GIVEN DATA:
━━━━━━━━
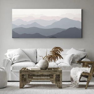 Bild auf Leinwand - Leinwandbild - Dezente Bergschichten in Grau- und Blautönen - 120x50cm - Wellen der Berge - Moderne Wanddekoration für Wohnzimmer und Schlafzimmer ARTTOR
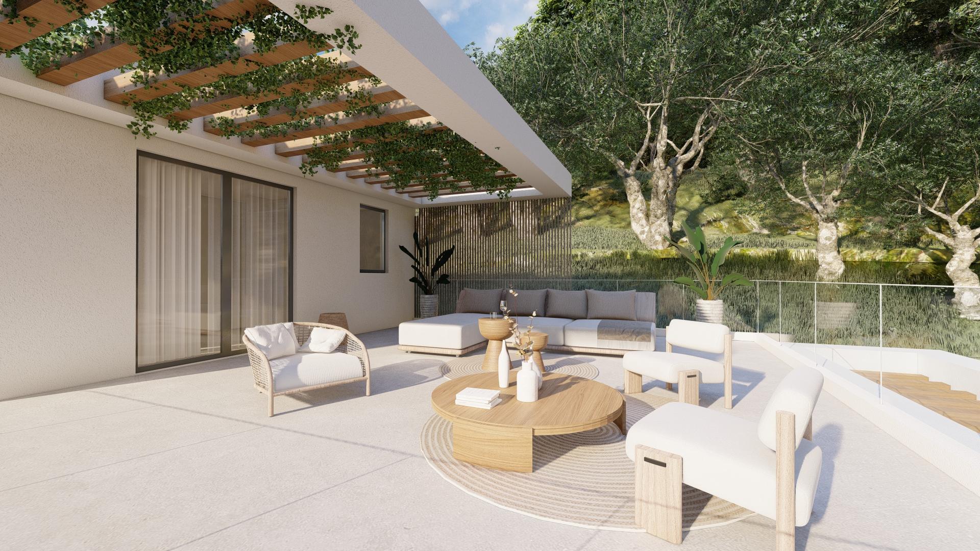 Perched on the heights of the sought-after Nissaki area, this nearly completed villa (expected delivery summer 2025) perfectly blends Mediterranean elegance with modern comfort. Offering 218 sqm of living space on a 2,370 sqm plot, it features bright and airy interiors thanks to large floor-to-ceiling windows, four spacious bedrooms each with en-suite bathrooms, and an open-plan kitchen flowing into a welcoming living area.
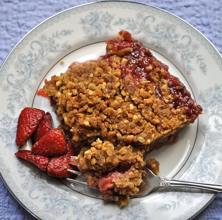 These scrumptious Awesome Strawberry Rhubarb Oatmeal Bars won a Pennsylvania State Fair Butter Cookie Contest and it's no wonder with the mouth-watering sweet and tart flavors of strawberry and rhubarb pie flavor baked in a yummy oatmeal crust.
━━━━━━━━
TASK DESCRIPTION:
From the opening line of the listing above through the line bearing "Perched on the", repeat each line exactly. Drop every picture.

FINISHED EXERCISE:
 Bild auf Leinwand - Leinwandbild - Dezente Bergschichten in Grau- und Blautönen - 120x50cm - Wellen der Berge - Moderne Wanddekoration für Wohnzimmer und Schlafzimmer ARTTOR
 Perched on the heights of the sought-after Nissaki area, this nearly completed villa (expected delivery summer 2025) perfectly blends Mediterranean elegance with modern comfort. Offering 218 sqm of living space on a 2,370 sqm plot, it features bright and airy interiors thanks to large floor-to-ceiling windows, four spacious bedrooms each with en-suite bathrooms, and an open-plan kitchen flowing into a welcoming living area.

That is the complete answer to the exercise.